→ **PROVIDED MATERIAL**
....................
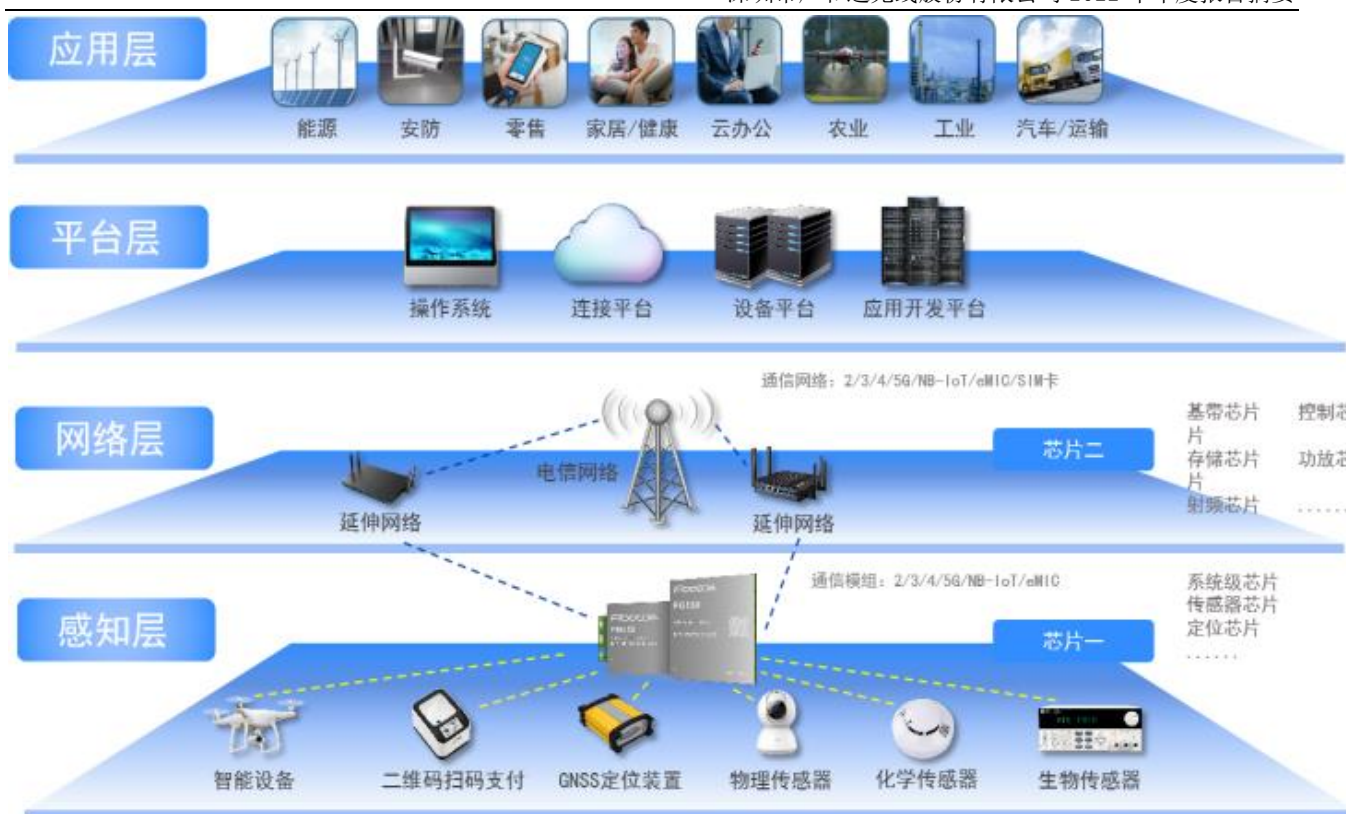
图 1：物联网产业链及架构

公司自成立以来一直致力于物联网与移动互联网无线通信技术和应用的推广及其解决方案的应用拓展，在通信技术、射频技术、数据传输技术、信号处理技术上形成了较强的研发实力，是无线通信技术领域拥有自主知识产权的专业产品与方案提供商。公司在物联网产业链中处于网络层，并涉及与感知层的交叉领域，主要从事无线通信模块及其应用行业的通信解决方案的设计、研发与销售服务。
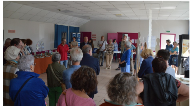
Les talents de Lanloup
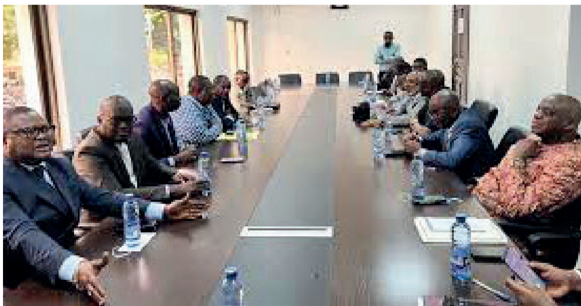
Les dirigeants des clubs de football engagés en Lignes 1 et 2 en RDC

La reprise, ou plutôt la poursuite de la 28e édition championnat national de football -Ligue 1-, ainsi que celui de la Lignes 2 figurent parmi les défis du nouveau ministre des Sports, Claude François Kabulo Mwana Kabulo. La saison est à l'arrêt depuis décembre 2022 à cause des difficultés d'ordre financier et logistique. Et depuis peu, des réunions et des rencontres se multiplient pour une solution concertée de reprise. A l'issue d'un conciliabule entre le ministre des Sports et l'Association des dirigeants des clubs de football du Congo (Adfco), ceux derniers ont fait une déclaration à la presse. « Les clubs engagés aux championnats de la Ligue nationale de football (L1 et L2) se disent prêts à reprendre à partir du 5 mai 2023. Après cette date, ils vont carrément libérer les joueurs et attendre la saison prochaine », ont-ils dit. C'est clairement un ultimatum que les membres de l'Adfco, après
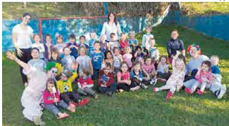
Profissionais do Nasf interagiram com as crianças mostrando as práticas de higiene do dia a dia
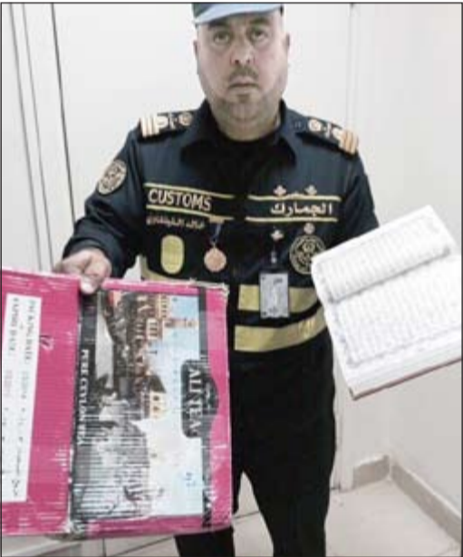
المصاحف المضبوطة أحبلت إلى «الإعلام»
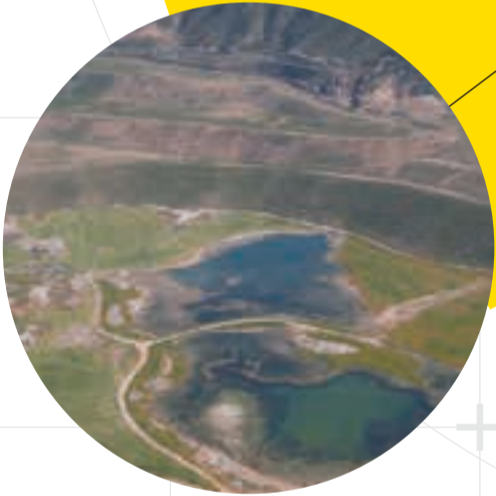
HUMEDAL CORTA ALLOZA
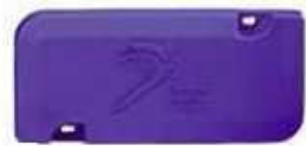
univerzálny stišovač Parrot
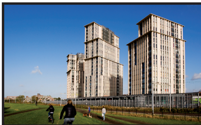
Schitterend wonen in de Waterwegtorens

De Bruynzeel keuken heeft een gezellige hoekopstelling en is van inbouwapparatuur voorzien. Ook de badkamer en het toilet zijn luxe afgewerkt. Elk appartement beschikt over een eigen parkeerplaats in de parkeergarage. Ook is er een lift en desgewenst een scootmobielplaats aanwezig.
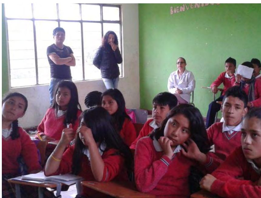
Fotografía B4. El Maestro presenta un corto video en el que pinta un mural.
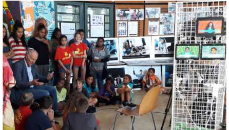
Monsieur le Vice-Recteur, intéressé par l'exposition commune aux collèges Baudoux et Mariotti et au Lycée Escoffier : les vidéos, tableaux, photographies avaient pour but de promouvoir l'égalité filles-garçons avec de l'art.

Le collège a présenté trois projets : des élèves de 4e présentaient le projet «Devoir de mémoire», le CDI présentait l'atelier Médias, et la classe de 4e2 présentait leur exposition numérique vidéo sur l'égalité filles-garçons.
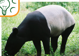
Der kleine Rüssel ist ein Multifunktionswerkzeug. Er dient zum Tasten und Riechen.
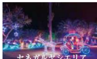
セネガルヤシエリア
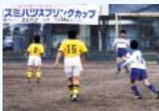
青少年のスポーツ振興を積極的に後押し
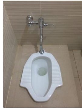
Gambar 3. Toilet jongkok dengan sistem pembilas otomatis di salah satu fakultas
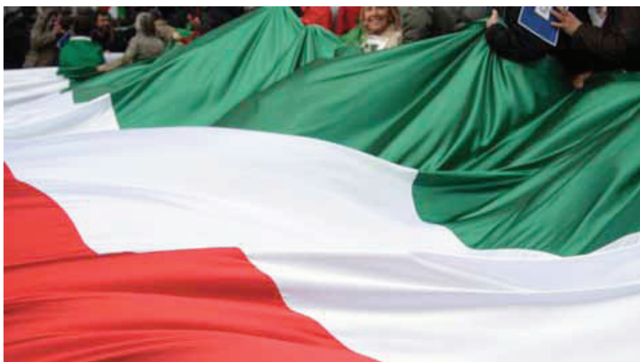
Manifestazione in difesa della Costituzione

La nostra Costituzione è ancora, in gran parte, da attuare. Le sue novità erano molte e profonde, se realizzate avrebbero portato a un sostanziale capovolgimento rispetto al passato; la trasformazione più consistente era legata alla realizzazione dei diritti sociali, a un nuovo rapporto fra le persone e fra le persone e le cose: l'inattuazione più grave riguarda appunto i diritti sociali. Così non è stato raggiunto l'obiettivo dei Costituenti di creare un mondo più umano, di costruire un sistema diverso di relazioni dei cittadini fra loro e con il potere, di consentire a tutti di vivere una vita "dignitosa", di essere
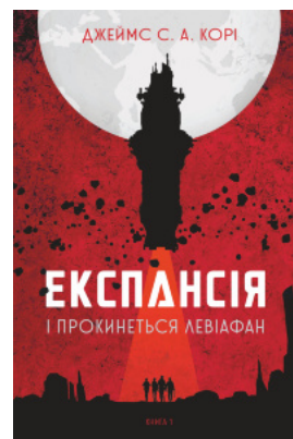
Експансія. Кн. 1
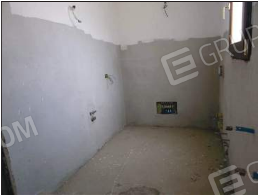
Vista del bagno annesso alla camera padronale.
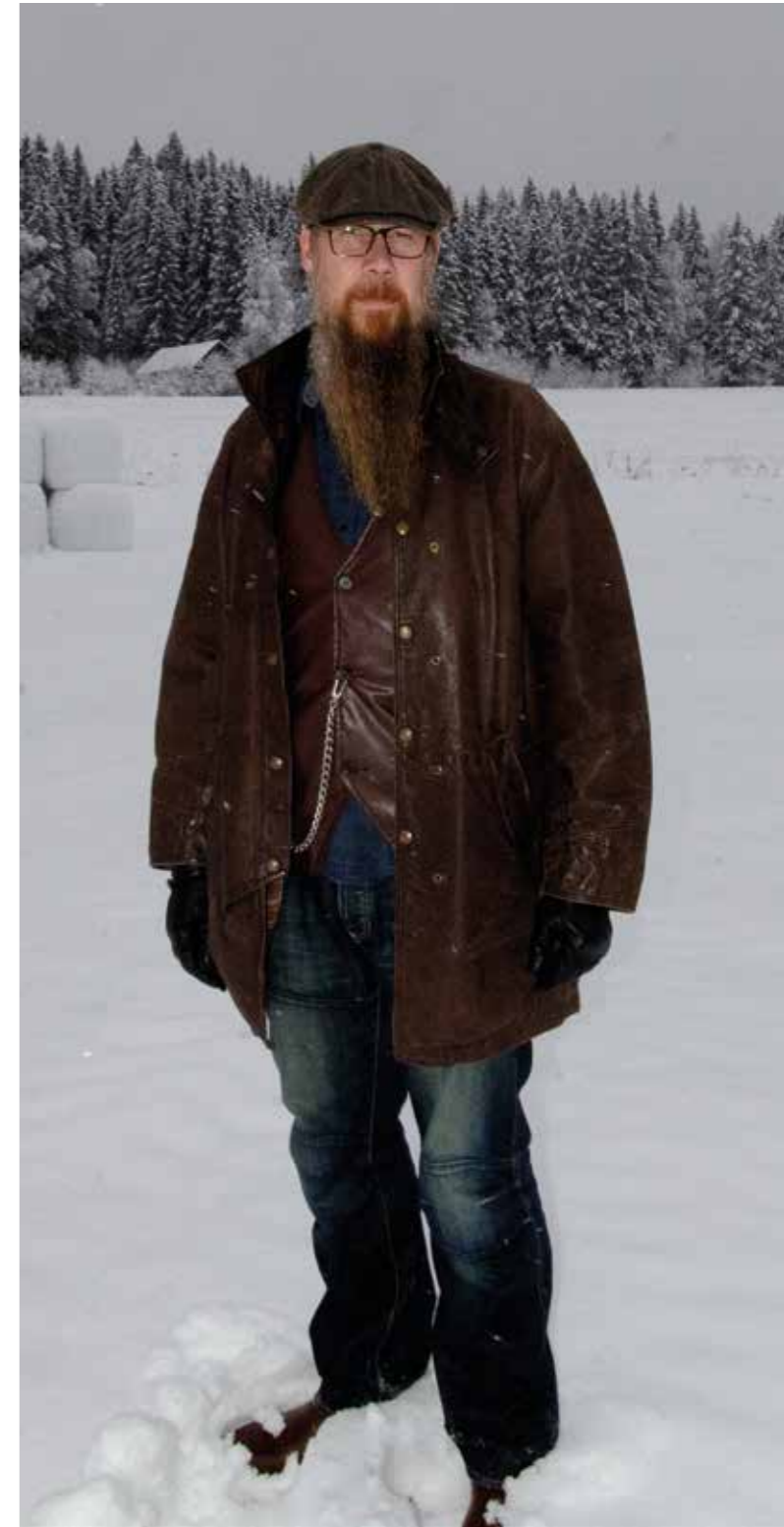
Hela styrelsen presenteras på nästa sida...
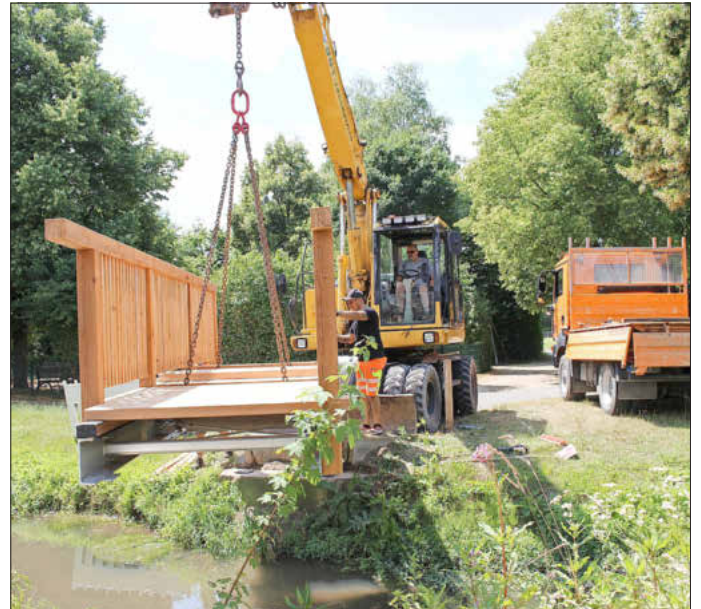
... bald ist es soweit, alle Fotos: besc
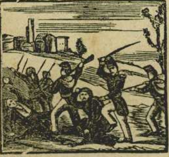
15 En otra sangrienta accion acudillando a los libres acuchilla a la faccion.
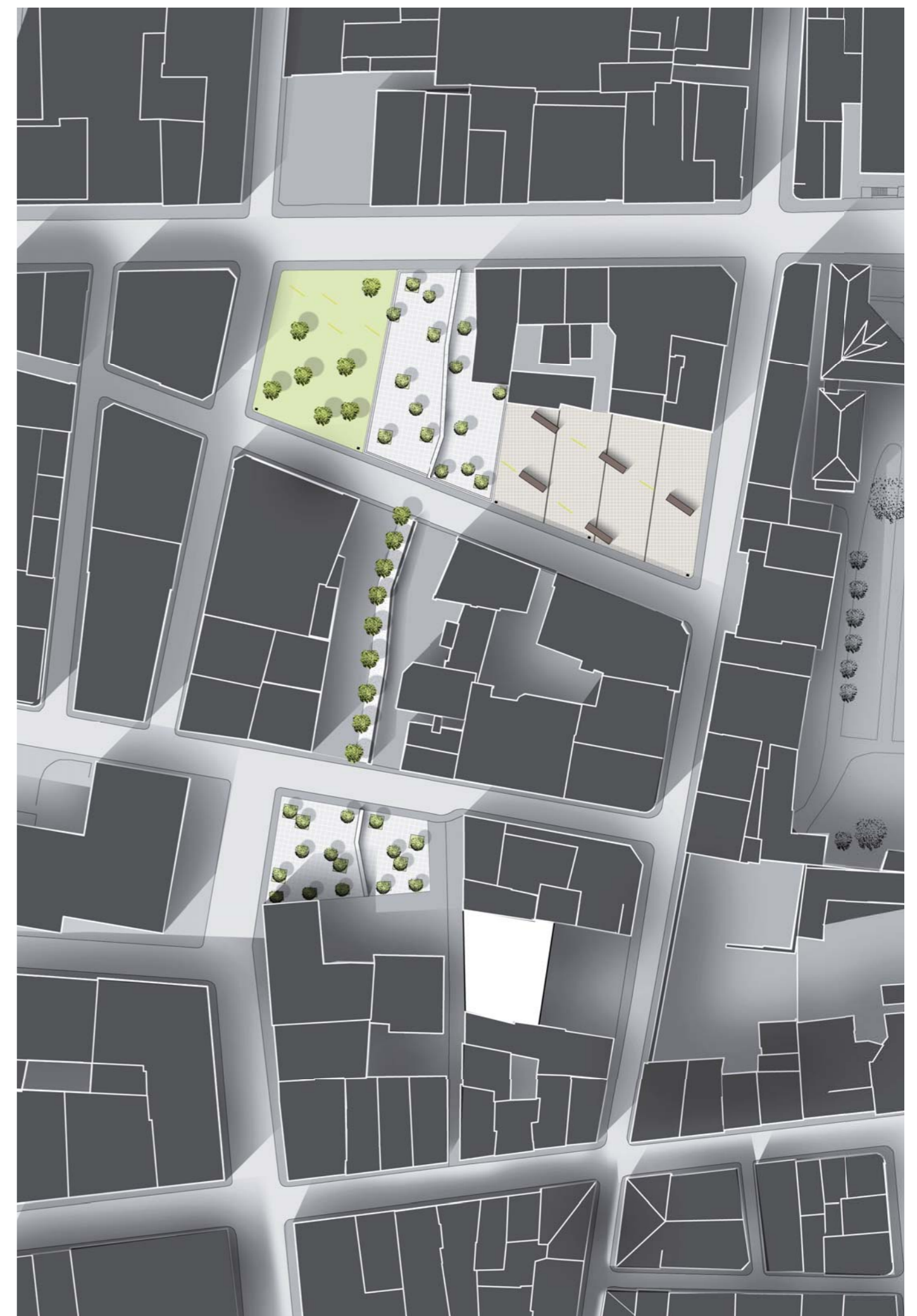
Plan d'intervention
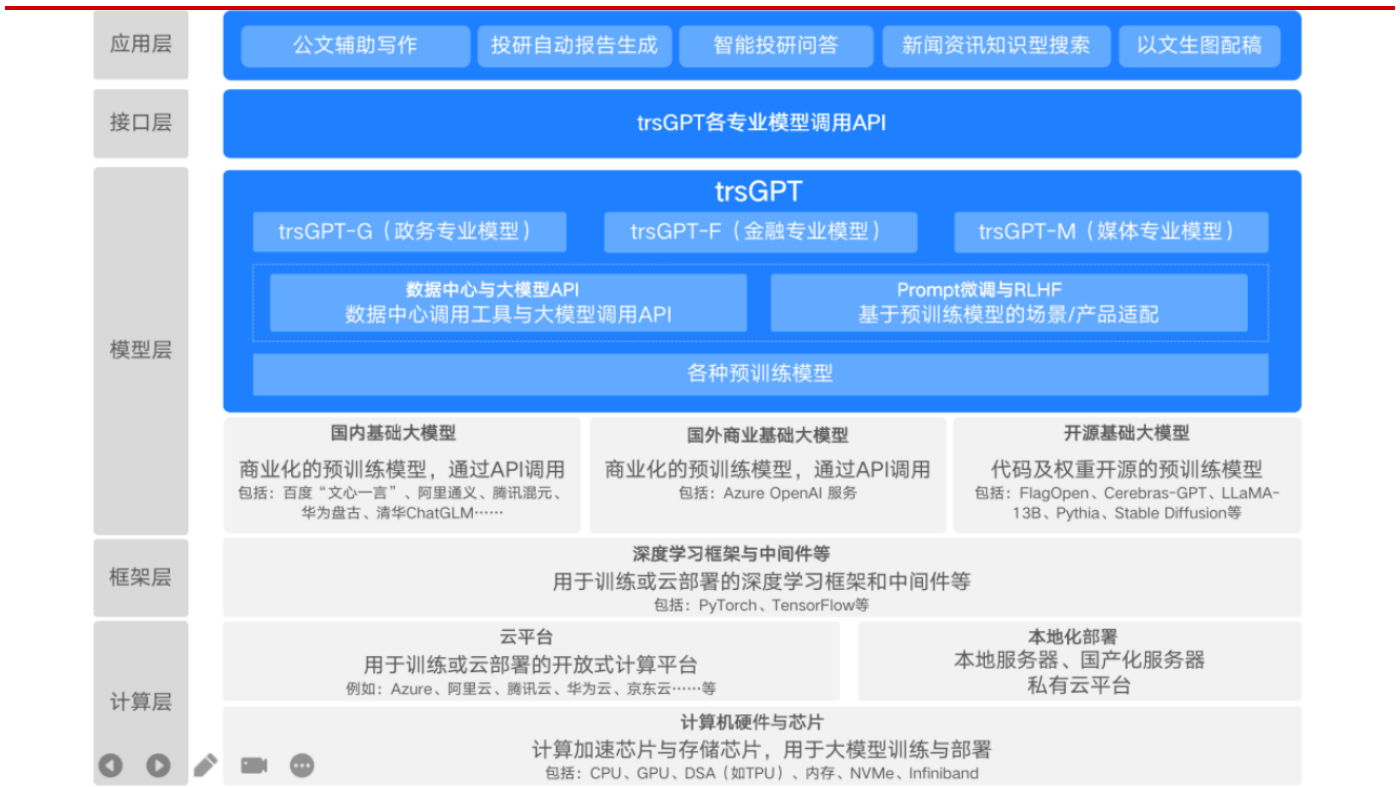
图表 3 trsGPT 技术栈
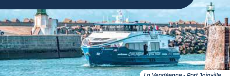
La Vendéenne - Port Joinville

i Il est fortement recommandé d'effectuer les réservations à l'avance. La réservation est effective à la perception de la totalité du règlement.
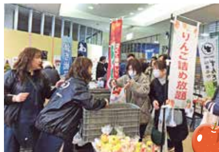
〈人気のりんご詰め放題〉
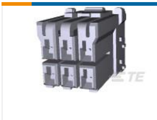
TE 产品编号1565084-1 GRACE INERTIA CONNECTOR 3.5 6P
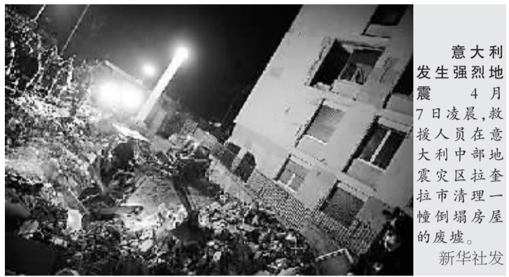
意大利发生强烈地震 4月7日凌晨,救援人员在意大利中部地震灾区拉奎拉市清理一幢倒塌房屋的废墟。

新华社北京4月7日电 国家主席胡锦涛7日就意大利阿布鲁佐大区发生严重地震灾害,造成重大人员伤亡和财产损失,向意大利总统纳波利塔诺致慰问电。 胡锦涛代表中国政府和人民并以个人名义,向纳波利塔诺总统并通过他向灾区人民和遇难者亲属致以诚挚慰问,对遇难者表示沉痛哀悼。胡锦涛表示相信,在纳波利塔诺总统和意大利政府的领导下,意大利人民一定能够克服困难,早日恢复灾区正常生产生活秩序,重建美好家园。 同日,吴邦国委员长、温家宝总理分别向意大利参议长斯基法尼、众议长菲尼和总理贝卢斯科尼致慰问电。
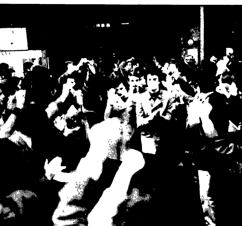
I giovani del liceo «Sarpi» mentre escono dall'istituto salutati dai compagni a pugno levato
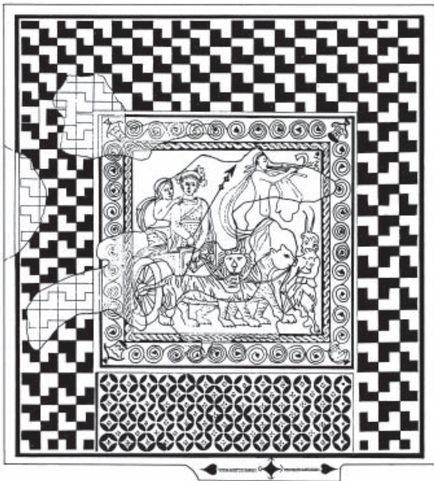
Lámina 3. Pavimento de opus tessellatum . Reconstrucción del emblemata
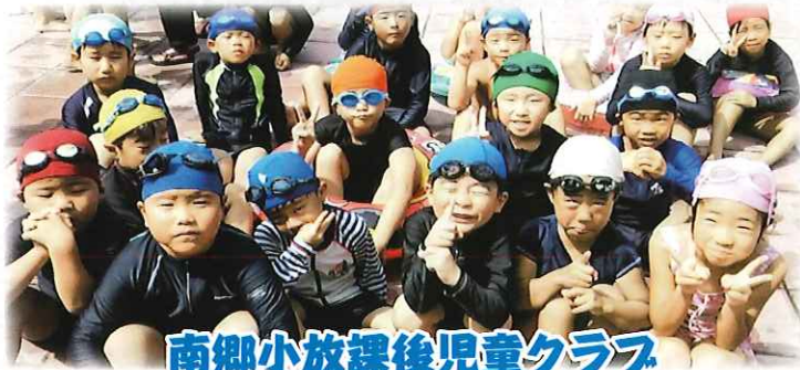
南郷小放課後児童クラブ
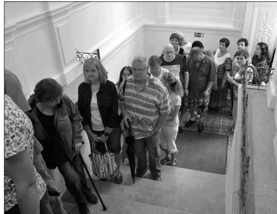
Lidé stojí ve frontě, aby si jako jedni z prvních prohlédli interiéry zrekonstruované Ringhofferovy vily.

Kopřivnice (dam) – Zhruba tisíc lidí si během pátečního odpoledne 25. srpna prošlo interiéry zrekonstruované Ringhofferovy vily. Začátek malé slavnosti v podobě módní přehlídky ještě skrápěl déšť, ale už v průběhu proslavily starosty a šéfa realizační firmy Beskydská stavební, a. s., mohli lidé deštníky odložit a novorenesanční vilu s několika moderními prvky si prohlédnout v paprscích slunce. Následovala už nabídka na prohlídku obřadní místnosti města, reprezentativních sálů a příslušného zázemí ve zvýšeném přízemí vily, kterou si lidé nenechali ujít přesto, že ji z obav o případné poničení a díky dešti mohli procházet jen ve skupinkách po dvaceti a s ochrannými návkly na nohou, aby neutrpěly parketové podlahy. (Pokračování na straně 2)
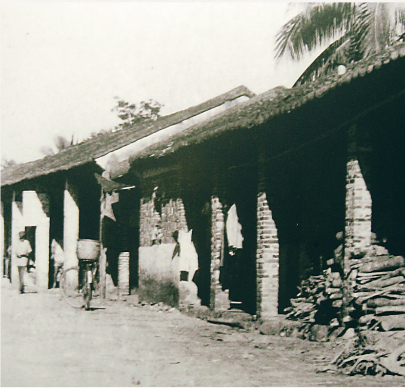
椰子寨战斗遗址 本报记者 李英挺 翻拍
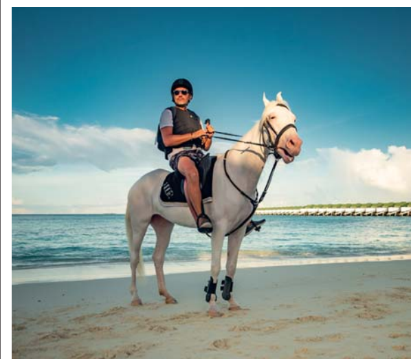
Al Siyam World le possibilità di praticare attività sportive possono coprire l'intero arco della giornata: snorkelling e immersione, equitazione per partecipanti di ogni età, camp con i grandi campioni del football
....................
Repeat only the lines between the start of the data and the line with "Les dirigeants des", including those two lines, and skip the pictures.

→ **RESULT OF THIS TASK**
图 1：物联网产业链及架构

公司自成立以来一直致力于物联网与移动互联网无线通信技术和应用的推广及其解决方案的应用拓展，在通信技术、射频技术、数据传输技术、信号处理技术上形成了较强的研发实力，是无线通信技术领域拥有自主知识产权的专业产品与方案提供商。公司在物联网产业链中处于网络层，并涉及与感知层的交叉领域，主要从事无线通信模块及其应用行业的通信解决方案的设计、研发与销售服务。
Les talents de Lanloup
Les dirigeants des clubs de football engagés en Lignes 1 et 2 en RDC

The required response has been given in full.